Sample-Efficient Optimization over Generative Priors via Coarse Learnability

We study zeroth-order optimization where solutions must minimize a cost $d(s)$ while maintaining high probability under a complex generative prior $L(s)$ (e.g., a parameterized model). This reduces to sampling from a target distribution proportional to $L(s) e^{-T \cdot d(s)}$. Since classical model-based optimization (MBO) lacks finite-sample guarantees for expressive approximate learners, we introduce "coarse learnability", a flexible statistical assumption requiring only that a learned model covers the target's probability mass within a polynomial factor. Leveraging this assumption, we design an iterative MBO algorithm called \alift with a sample correction step that provably approximates the target using only a polynomial number of samples. We apply this framework to globally optimizing non-convex objectives bounded by a quadratic envelope in $R^n$, where we show this assumption is naturally satisfied for a family of "optimistic" posterior distributions. To reach global $\varepsilon$-optimality, this implies a sample complexity of $\widetilde{O}(\log 1/\varepsilon)$, a rate characteristic of optimistic space-partitioning methods. We further justify coarse learnability as an assumption for generative priors theoretically, proving that in simple settings, parametric maximum likelihood estimation and over-smoothed kernel density estimators naturally satisfy it. Finally, one motivation for our framework comes from inference-time alignment. Though our primary contribution pertains to the theoretical foundations of MBO, we provide qualitative evidence that, in simple settings, even primitive LLMs can shift their distributions toward lower-cost regions when fine-tuned with zeroth-order feedback.

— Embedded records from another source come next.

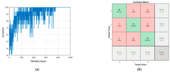 As shown in Figure 11a, after 756 iterations, the model training accuracy reached 100%, indicating that all groups in the training set were able to achieve correct classification.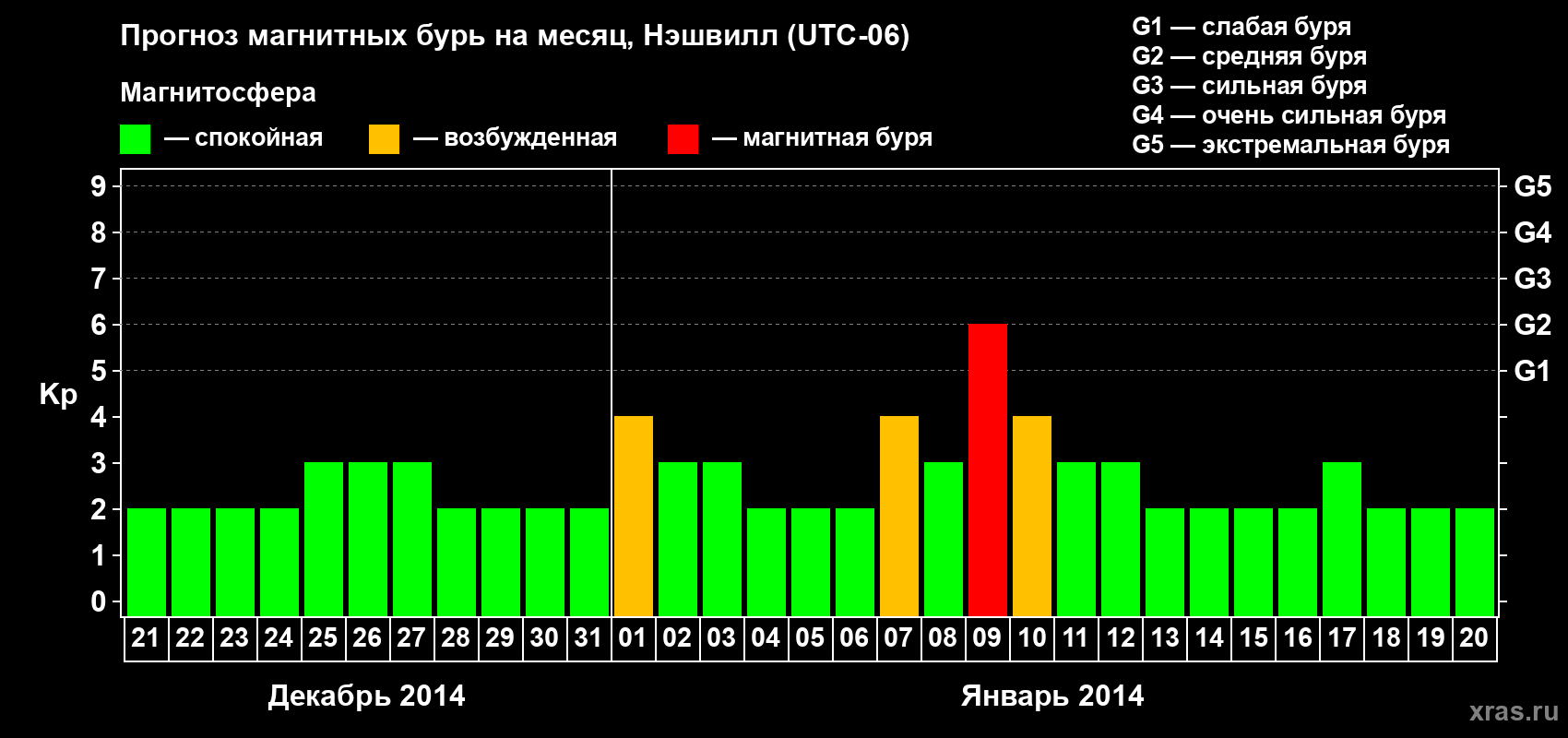 Прогноз магнитных бурь в Нэшвилле — 21 декабря 2013 года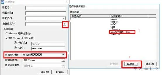 进入后,填写上一步的服务器名为当前数据服务器,填入对应的sqlserver 身份验证,目前华为云的默认数据库账号为rdsuser,填写完毕后点击数据库实体,点击右键,弹出空白框,点击所有后,可显示当前云上所有的数据库实体,选择迁移的账套数据库(注意为账套数据库会提示为无效账套)即可。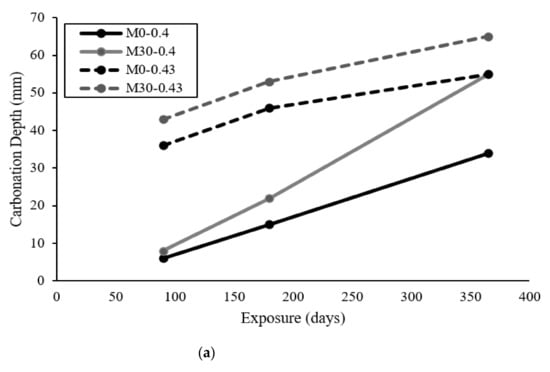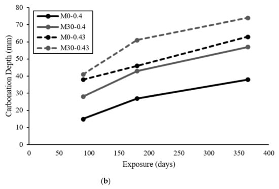 It can be observed in Figure 7 that less carbonation depth was observed in the mix, which was produced using less w/c ratio (i.e., 0.4) and natural aggregates (i.e., Mix M0-0.4), whereas the highest carbonation depth was observed in the mix cast using w/c = 0.43 and recycled concrete aggregates (i.e., Mix M30-0.43). These results are coherent with the results reported in the literature by Fung [] and Silva et al. [], who reported that the carbonation depth of RAC increases with the increase in the replacement percentage of natural aggregates by the recycled aggregates in a concrete mix. The increase in the carbonation depth in the case of recycled aggregate can be associated with the porosity of RCA (in the paste adhered with the actual aggregate) which may have a profound influence on the carbonation depth.

翻译：我们研究零阶优化问题，其中解必须在最小化代价函数$d(s)$的同时，以高概率保持与复杂生成先验$L(s)$（如参数化模型）的一致性。这等价于从与$L(s) e^{-T \cdot d(s)}$成正比的目標分布中采样。由于经典基于模型的优化（MBO）对表达能力强的近似学习器缺乏有限样本保证，我们引入了“粗可学习性”——一种灵活的统计假设，仅要求学习模型在多项式因子范围内覆盖目标分布的概率质量。基于这一假设，我们设计了名为\alift的迭代式MBO算法，该算法通过样本校正步骤，仅需多项式数量的样本即可证明性地逼近目标分布。我们将该框架应用于全局优化具有二次包络界的非凸目标函数（在$\mathbb{R}^n$空间中），并证明在此类问题中，对于一族“乐观”后验分布，该假设自然成立。为实现全局$\varepsilon$-最优性，该方法的样本复杂度为$\widetilde{O}(\log 1/\varepsilon)$，这一速率是乐观空间划分方法的典型特征。我们进一步从理论上论证了粗可学习性作为生成先验假设的合理性，证明在简单场景中，参数化极大似然估计和过度平滑的核密度估计自然满足该假设。最后，我们框架的动机之一来自推理时对齐。尽管我们的主要贡献在于MBO的理论基础，但我们提供的定性证据表明：在简单设定下，即使原始的大型语言模型（LLM）通过零阶反馈微调后，也能将其分布向低代价区域迁移。